Abi belki de bu sorunlar, tahammülsüzlükler, sabırsızlıklar, "kelle isterük"cü zihniyet bir anda ortaya çıkmadı... Biz bu sitede en basit düşüncemizi bile giriş-gelişme-sonuç şeklinde ifade edeceğiz diye kendimizi zorluyoruz, hatta sırf sitenin bu -belki de gereğinden fazla- ağır, vakur ortamı yüzünden yeni gelen bir çok kişi foruma katılmaya çekiniyor. Dolayısıyla "aptal fuat çek git artık ayağna vuruym! #$+&&!!!" zihniyetiyle hiçbir şekilde yüzyüze gelmiyorduk. Ama yüzyüze gelmemiş olmamız o zihniyetin bu tribünde hiç olmadığı anlamına gelmez. Ve bu insanlar facebook gibi rahatlıkla atıp tutabilecekleri ortamı bulunca birçoğumuzu rahatsız edecek şekilde içlerindeki "gençlerbirlikli görünümlü istanbul-tipi taraftar"ı kusmaya başladılar... Biraz da organize olma konusunda yine sosyal medyanın getirdiği kolaylıkları da kullanarak aynı edepsizliği tribüne de yansıttılar.

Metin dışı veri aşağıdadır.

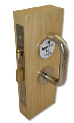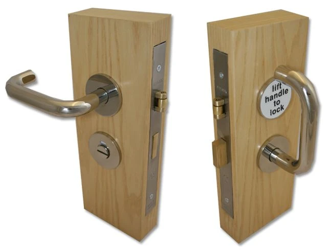 The inside lever handle presses down to release the latch bolt & lifts up to throw the dead bolt as illustrated this is an unusual feature & therefore has a sign to read “lift handle to lock” this message is repeated in Braille.

Bunu bu şekilde anlatıyorum ama tabii ki süreç bu kadar da basit değil, daha neler var neler... Dediğin gibi, iki gün önce abartılı şekilde Fuat Hoca'ya methiyeler düzen tipler ne değişti de bugün yine abartılı şekilde Fuat Hoca'yı linç kampanyası başlattı? Hatta aynı kişiler üç gün sonra ortada elle tutulur bir başarı olmasa dahi yine abartılı şekilde Fuat Hoca'yı savunmaya başlarsa hiç şaşırmam! Sonuçta iş herzaman savunduğumuz noktaya geliyor: Taraftarlık denen şey kişilerin değil bir kulübün taraftarlığıdır. Bu işin içine kapalı kapılar ardında yürütülen pazarlıklar, kişiye/gruba özel kıyaklar, kişisel ilişkiler girdi mi işin şekli değişir, kişi farkında olmadan...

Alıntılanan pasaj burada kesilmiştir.